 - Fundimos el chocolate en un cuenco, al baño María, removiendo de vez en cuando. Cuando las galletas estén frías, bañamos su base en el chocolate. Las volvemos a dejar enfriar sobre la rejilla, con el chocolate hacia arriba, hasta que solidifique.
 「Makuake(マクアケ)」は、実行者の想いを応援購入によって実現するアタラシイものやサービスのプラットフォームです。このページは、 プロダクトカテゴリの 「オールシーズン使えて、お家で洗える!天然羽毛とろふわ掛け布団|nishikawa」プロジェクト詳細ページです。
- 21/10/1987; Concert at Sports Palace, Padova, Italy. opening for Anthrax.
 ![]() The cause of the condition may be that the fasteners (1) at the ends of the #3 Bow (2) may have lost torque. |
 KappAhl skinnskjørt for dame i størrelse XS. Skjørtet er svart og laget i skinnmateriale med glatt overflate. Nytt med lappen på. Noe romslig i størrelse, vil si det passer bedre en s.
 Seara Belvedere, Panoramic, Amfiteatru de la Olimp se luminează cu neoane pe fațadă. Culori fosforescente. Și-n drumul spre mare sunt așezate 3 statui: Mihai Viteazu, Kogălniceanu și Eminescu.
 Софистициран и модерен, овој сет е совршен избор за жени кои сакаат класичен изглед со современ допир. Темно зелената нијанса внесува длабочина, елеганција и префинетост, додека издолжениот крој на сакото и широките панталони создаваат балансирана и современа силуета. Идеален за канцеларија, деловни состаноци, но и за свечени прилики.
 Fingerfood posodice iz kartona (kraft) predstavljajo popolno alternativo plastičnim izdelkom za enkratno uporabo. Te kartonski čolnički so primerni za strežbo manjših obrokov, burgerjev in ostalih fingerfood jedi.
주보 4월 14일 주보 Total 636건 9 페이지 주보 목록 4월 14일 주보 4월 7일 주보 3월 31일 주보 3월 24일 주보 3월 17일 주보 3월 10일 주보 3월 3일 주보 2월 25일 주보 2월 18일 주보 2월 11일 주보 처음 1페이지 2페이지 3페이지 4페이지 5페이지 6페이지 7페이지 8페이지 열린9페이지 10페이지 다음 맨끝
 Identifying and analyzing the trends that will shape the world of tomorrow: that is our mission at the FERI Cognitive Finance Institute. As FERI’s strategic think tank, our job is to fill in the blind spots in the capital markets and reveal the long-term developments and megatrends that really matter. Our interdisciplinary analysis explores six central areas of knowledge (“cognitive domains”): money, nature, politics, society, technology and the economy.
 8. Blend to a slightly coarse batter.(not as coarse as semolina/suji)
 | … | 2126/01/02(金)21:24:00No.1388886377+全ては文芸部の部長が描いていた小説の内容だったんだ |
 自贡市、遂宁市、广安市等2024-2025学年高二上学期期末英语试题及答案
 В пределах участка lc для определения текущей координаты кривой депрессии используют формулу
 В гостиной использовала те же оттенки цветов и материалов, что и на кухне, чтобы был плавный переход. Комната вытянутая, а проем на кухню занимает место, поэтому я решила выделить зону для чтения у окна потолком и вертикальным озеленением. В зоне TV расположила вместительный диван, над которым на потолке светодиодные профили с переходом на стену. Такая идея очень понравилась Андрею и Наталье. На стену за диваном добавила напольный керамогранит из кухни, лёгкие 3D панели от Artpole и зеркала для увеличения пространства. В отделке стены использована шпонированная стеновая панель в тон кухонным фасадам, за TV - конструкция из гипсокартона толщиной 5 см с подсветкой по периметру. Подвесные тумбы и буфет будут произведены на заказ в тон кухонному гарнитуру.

■ ■ ■ ■

- [EXERCISE BRIEF]:
Within the listing above, give again exactly every line from the line with "Fingerfood posodice iz" through the line with "自贡市、遂宁市、广安市等2024-2025学年高二上学期期末英语试题及答案", both included, and no other line.

- [RESPONSE TO THIS EXERCISE]:
 Fingerfood posodice iz kartona (kraft) predstavljajo popolno alternativo plastičnim izdelkom za enkratno uporabo. Te kartonski čolnički so primerni za strežbo manjših obrokov, burgerjev in ostalih fingerfood jedi.
주보 4월 14일 주보 Total 636건 9 페이지 주보 목록 4월 14일 주보 4월 7일 주보 3월 31일 주보 3월 24일 주보 3월 17일 주보 3월 10일 주보 3월 3일 주보 2월 25일 주보 2월 18일 주보 2월 11일 주보 처음 1페이지 2페이지 3페이지 4페이지 5페이지 6페이지 7페이지 8페이지 열린9페이지 10페이지 다음 맨끝
 Identifying and analyzing the trends that will shape the world of tomorrow: that is our mission at the FERI Cognitive Finance Institute. As FERI’s strategic think tank, our job is to fill in the blind spots in the capital markets and reveal the long-term developments and megatrends that really matter. Our interdisciplinary analysis explores six central areas of knowledge (“cognitive domains”): money, nature, politics, society, technology and the economy.
 8. Blend to a slightly coarse batter.(not as coarse as semolina/suji)
 | … | 2126/01/02(金)21:24:00No.1388886377+全ては文芸部の部長が描いていた小説の内容だったんだ |
 自贡市、遂宁市、广安市等2024-2025学年高二上学期期末英语试题及答案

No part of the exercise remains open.